2 3年を越える歳月を、私は待ち続けました。そしてついに、裁判官のご判断をう 
かがうことができる日が、やってこようとしています。この長きにわたった年月の 
間、私の祖国、イラン・イスラーム共和国の体制、人間をうち砕き、死に至らしめる 
機械のようなその体制には、いささかの改革も見出すことはできませんでした。

3 裁判長殿。私たちが生きるこの時代には、人権に関わる問題は、いつも政治的な 
思惑によって、様々な圧力をかけられてしまいます。真実は、現在世界を動かしてい 
る政治権力に都合のよいことしか明らかにされず、人々に知らされることはありませ 
ん。人権に関わる問題は、既成のものの考え方を揺るがさない限りにおいてしか、正 
当なものとして扱われません。さらに、人々の心が既成のものの見方、考え方に捉え 
られ、それを当然のものとして受け入れていることが、このような現代世界の政治の 
ありかたを、さらに強固なものとしています。世界の国々は、人権のためと称して、 
豪華なホテルの洒落た部屋の中で会議を開いています。しかし、そこで彼らがやって 
いるのは、人権問題の重さを自国の経済的・政治的利益に都合がよいように変更し、 
第三世界と名づけて作り上げられた地獄がどれほど人権を遵守しているのか、高みか 
ら点数をつけることだけなのです。

4 裁判長殿。イランでは、同性愛者たちが生きてゆくことのできる環境は、法的に 
も、社会的にも、これまで存在したことはありませんでしたし、今もなお、存在しま 
せん。日本の法務省はその書面で、テヘランにある「ダーネシュジュー公園」という 
公園について、「イランの同性愛者たちが集まる場所だ」と指摘しましたが、いまや 
この公園は、イスラーム寺院の公園へと変えられようとしています。それ以前にも、 
この公園は、同性愛者ではなく、イスラーム革命防衛隊、革命委員会の兵士たちが集 
まる場所でした。

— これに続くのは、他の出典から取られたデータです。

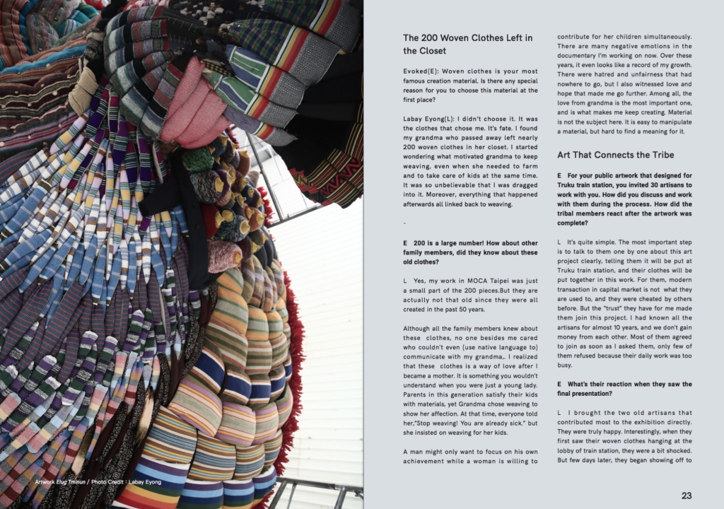 本期將以「原住民紡織」為題,訪談了當代藝術家、原住民織女、工藝品牌、年輕行動者、博物館學者等不同角色,傾聽他們對於原住民紡織工藝的認知跟思考 —— 這段釐清問題、找尋答案的過程,正如搓製絲線、編織纏繞,而後延伸成形,點出現下常見的文化挪用、智慧財產權等問題,以及部落年輕一輩面對新形態資本經濟,掙扎著該如何保存、轉化,傳統技藝才能應用於當代社會中的現況。

イランにある、ほかの大きな公園でも、今ではイスラーム寺院が建 
設されつつあります。

5 裁判長殿。同性愛者を処刑する法律は、私たちイランの同性愛者たちの首に押し 
つけられた刃であり、私たちは、毎秒のように、その刃が今にもこのうなじに振り下 
ろされるのではないかと怯えながら生きてゆくことを強いられています。同性愛者た 
ちが健全に生活をすることができる環境はまったく存在せず、社会は同性愛者たちと 
向き合い、話しあおうという意志も持ちません。もっとも近しい人たちにすら、私が 
誰で、どのように感じているのかを、うち明けることが出来ないのです。このような 
場所で生きている私たちに対して、なぜあなた方は言うことができるのですか、イラ 
ン人同性愛者は、難民ではない、と。

6 裁判長殿。イランのイスラーム体制に対する抵抗組織で活動するということは、 
拷問と死刑の危険にさらされるということを意味します。何千人という政治犯が大量 
虐殺されているのをご覧になれば、それはすぐにおわかりになるでしょう。よろしけ 
れば、あなたご自身でイランにいらしてみて下さい。あの国に入国したまさにその瞬 
間、おわかりになるはずです。イランでは、不安を抱くことなく、ただ気楽に通りを 
歩くということすらできません。イスラーム革命防衛隊、風紀監視隊、民衆動員軍、 
警察、革命警備隊などが絶えずパトロールしており、イランをまるで巨大な牢獄のよ 
うにしているのです。まさにそれは、サルバドール・ダリが描いた、空想の城壁のよ 
うです。どんな場所でも、ちょっとした片隅にさえも、牢獄の壁があり、看守が立っ 
ています。そして、個人の生活のもっとも些細な部分にさえ、介入してこようとする 
のです。

7 裁判長殿。1951年に発せられた難民条約の第1条で、難民は、次のような人間で 
あると定義されています。「[難民とは、]人種、宗教、国籍、特定の社会的集団の構 
成員であること、および政治的意見により、十分に理由のある迫害の恐れを有するた 
め、国籍国の外におり、国籍国の保護を受けることができない、もしくは保護を受け 
ることを望まない者である。」 この条項に従えば、同性愛者であり、そしてイラン 
人の同性愛者人権擁護団体「ホーマン:イラン同性愛者人権擁護グループ」の活動家 
である私は、難民に他なりません。難民として認められることは、私の権利なので 
す。

8 裁判長殿。誰でも人間であるなら、生まれながらに人を愛し、自分の意志に従っ 
て生きる権利を持ち、そのすべをそれぞれの人生の中で、自然に学んでゆくもので 
す。しかし私は、母国において、この人間の基本的な権利さえ与えられず、どのよう 
に愛し、生きればよいのかを、考えることさえも許されていませんでした。私は願っ 
ています、裁判所の判決が、恐怖も不安もなく、自由に生き、自由に愛することを学 
ぶ権利を、私に与えて下さることを。私は願っています、私の裁判の判決が、未来の 
ための第一歩となることを。その未来とは、あらゆる人が、誰に対しても、どのよう 
な場所においても、愛する人が欲しいと思う花を贈ることができるような未来。花を 
贈られた人が、世界のどこにいようと、微笑んでお礼を言うことができるような未 
来。そして、その時、その微笑は、その人の一番美しい微笑であるという、そのよう 
な未来です。自らの意志によって生き方を決めることができ、投獄や死の恐怖に怯え 
ることもない、そのような未来です。

9 私が今日ここで最後の意見陳述をする時間を与えて下さったことに、心より感謝 
いたします。そして、ここに集まって下さった方々、私の話に耳を傾けて下さったこ 
とに、心よりお礼申し上げます。